In a world where every single is the biggest hit, every song the best one ever, Neal McCoy has had his share of feel good radio records, a few meaningful ballads, the BMI Song of the Year with “Wink” and “The Shake” and a whole lot of fun. But he’s spent almost two decades chasing ‘that song.’
With “A-OK, the song that co-producer Blake Shelton found the Longview, Texan entertainer, McCoy’s quest may be over. With its bouncing beat, bright melody and yes, pure Andy Griffith whistle, the song about seeing the glass as half-full and the smile upside down in a frown, along with the Barry Dean/Luke Laird/Brett Eldridge mid-tempo, is the perfect distillation of McCoy’s always effervescent show.
“I think any song that says ‘It’s gonna be okay, it’s gonna be alright…’ and feels like this one does, has got to be a winner. People really wanna hear, and almost need to hear, that right now…Times being the way they are, and something that makes people feel good? Well, anyone who knows me knows I’m all about that,” McCoy explains.
Ask anyone about Neal McCoy, and they may not be able to name all of the songs, but they’ll go on and on about his live concerts: full-tilt celebrations of music, life, laughter, joy and yes, his five #1s. But don’t make it about Neal McCoy, he sure wouldn’t.
“I think when people come to see you, sure they want to hear your music,” he explains. “But they really wanna be somewhere that makes’em forget their troubles for a little bit; to have some fun, to laugh and remember how good life can be. I always say, they’re not fans…they’re friends and I want’em to have a good time.”

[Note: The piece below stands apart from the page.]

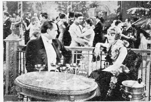
«'Ο Κόνρας Φάιντ εις μίαν σκηνήν του έργου «Τò Παρελθόν» τò όποιον προβάλλεται την τρέχουσαν εβδομάδα εις τ' «Αστίκον».

φή του Λαρός χωρίς όμως αυτό να έμποδίση να γεννηθί ένα αίσθημα μεταξύ τών δύο νέων. Κατά κακήν όμως τύχην εις τò 'Αλγεριον μετετέθη τότε και ό λοχαγός Ντεστέν ό όποιος εις μίαν συγκέντρωσιν άναγνωρίζει τόν Λαρός και έρωτεύεται την 'Υβόν. 'Ο Ντεστέν άπαιτεί από την 'Υβόν να τόν υπανδρευθί άπειλόν ότι εν έναντία περιπτώσει θα κατηγγείλη τόν Λαρός ός ένοχόν άσταντι τών φυλακών και θυποδόμενον

Modesty aside, McCoy has sold over 6 million albums. His entrance into the country music world was championed by Hall of Famer Charley Pride, and his return is being orchestrated by CMA Entertainer of the Year nominee and reigning Male Vocalist of the Year Blake Shelton, and CMA/ACM Album, Single and Female Vocalist of the Year Miranda Lambert.
People like that know music – and performing. Those who came before and those who’re now setting the standard both recognize how special McCoy’s kind of country is.
Or as Blake Shelton himself says, “The only thing that blows me away more than Neal McCoy in concert is the fact he asked me to be involved in making his new album…. I’m honored to work with a hero of mine.”
And the album helmed by Lambert, Shelton and guitar-slinger Brent Rowan is no less special. Nashville’s very best writers – Song of the Year winner Tom Douglas, Rivers Rutherford, Jamey Johnson, Allen Shamblin, and new hitmakers Luke Laird, Brett Eldredge, George Terren & Barry Dean – have all opened up their secret stash of songs saved for the very few who deserve them to provide the songs for XII, McCoy’s Blaster Records debut.
“It’s like my shows, a little bit of everything that makes music special,” explains the man who’s done 15 USO tours, represented President Bush at the inauguration of Phillipine President Arroyo, established the East Texas Angel Network 17 years ago for children with life threatening illnesses, helping over 400 families along the way, and co-written the good natured “Lucky Enough,” an all street corner bravado shuffle and bright-eyed look at life, dreams and love.
“There is so much great music…beyond the labels…we have a little bit of church, a little bit of bar-room, a couple ballads that’ll encourage, and a real Texas thing about finding your groove in the midst of heartbreak with a cold beer and a good jukebox,” McCoy explains.
“It’s like me, but it’s better. Blake and Miranda had definite ideas about what this should be. Blake had met me in ’95 when he’d first come to town and was looking around. He walked in the front door of Atlantic Records – and there I was in the lobby answering phones. I’d had a couple hits by then, but I was goofy like that,” he adds.
“We met again years later, doing radio interviews – and he told me about that. That he couldn’t believe it; but that’s the kinda guys we both are. And Miranda, she’d grown up 30 miles away, playing talent shows around the area and dreaming of doing what I was doing…so, they came to this more invested than I would’ve ever imagined. Both of them get who I am and what makes me, me, and that was what drove all their decisions. That’s Blake playing a lot of the acoustic guitar – and you can hear’em singing all over the single. They had such good ideas, you almost couldn’t hold’em back.”